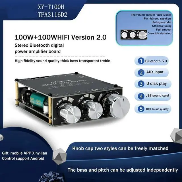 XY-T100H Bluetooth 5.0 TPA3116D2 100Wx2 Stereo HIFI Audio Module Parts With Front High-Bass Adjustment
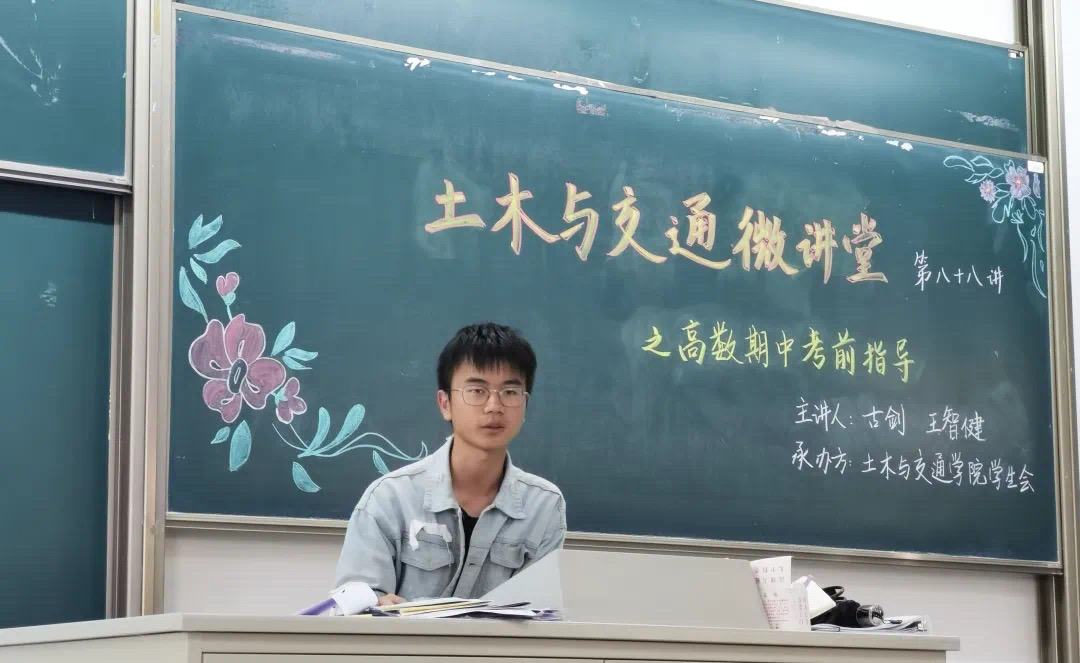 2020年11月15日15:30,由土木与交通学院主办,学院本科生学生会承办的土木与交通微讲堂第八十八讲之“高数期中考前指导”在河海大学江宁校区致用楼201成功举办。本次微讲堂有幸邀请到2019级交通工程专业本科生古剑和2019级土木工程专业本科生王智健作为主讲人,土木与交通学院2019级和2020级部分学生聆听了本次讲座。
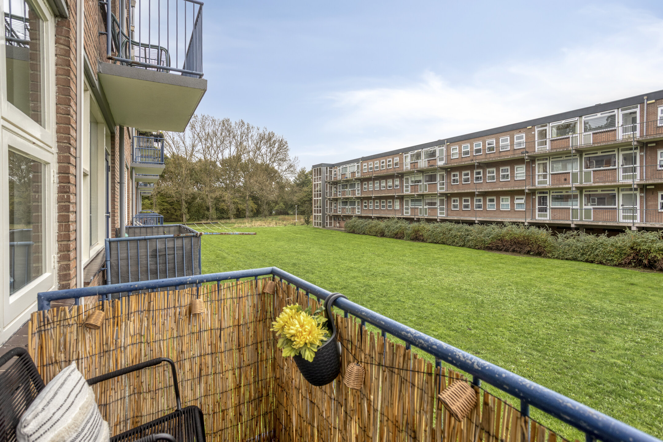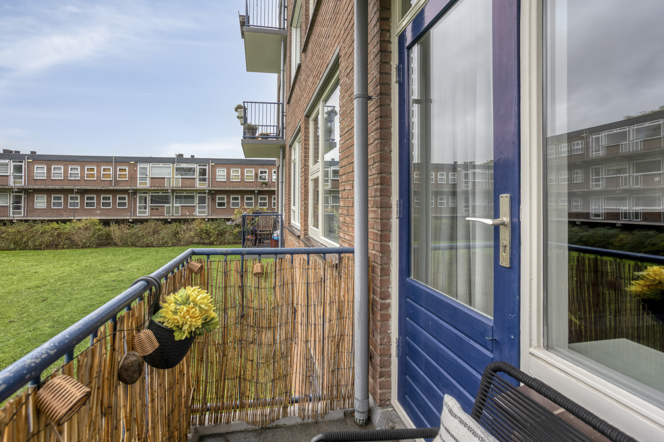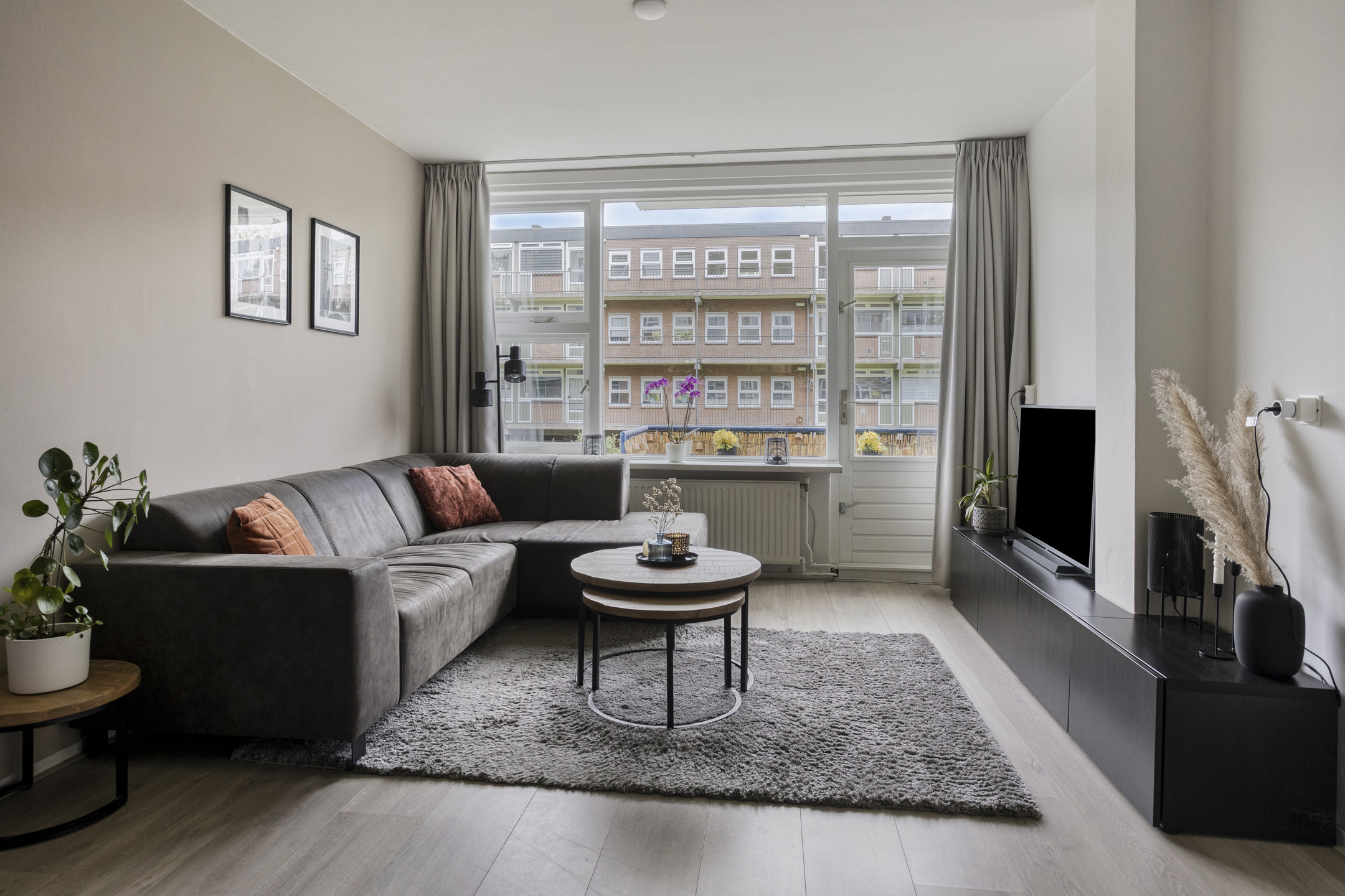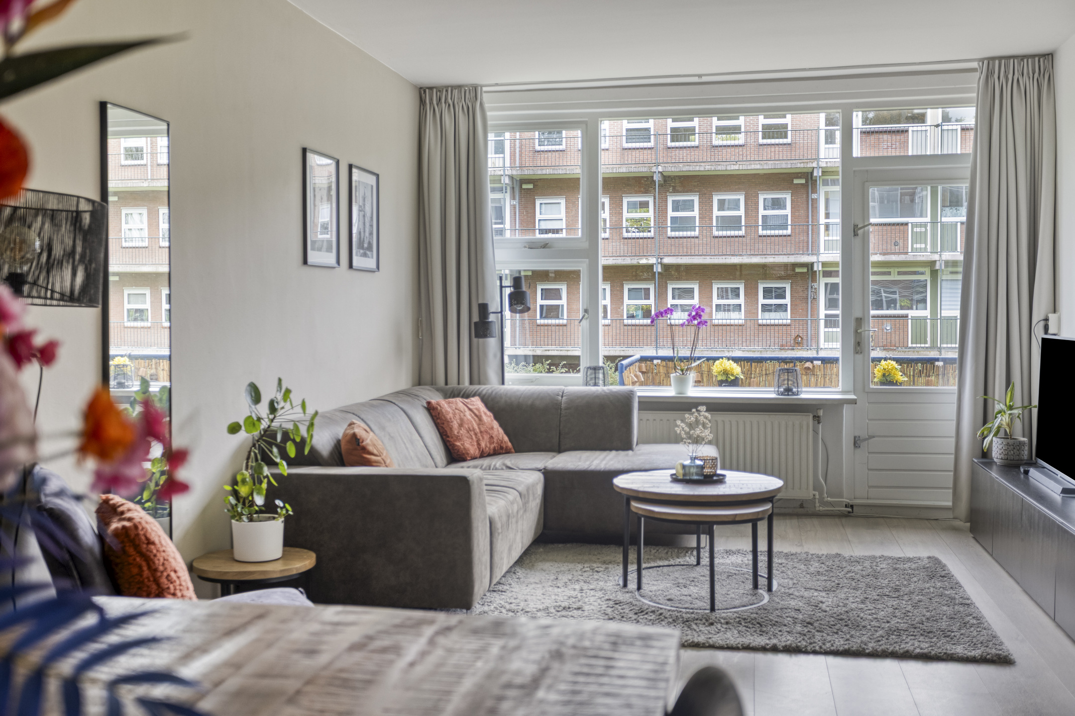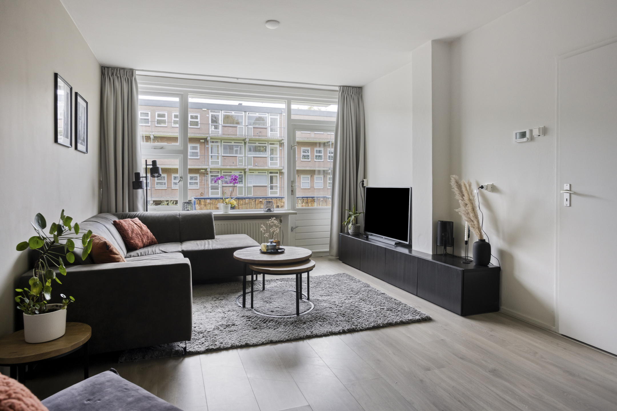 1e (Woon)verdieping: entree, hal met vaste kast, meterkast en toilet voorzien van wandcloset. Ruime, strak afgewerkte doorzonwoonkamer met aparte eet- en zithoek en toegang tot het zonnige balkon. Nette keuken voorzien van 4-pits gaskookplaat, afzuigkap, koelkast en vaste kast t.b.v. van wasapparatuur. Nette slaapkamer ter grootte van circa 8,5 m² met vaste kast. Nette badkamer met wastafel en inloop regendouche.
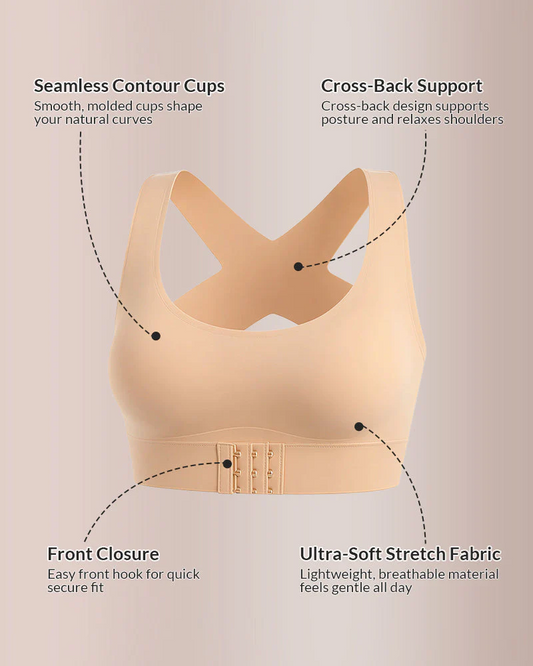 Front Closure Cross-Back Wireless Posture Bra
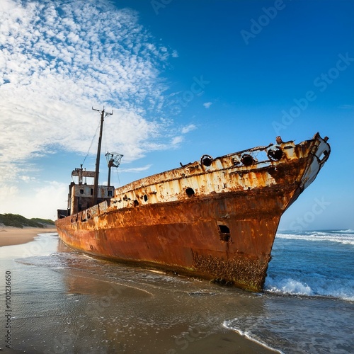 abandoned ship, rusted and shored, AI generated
----------
Print each line from the one containing "Front Closure Cross-Back" through the last line of the listing, both included, exactly and with no pictures.

RESPONSE FOR THIS EXERCISE:
 Front Closure Cross-Back Wireless Posture Bra
 abandoned ship, rusted and shored, AI generated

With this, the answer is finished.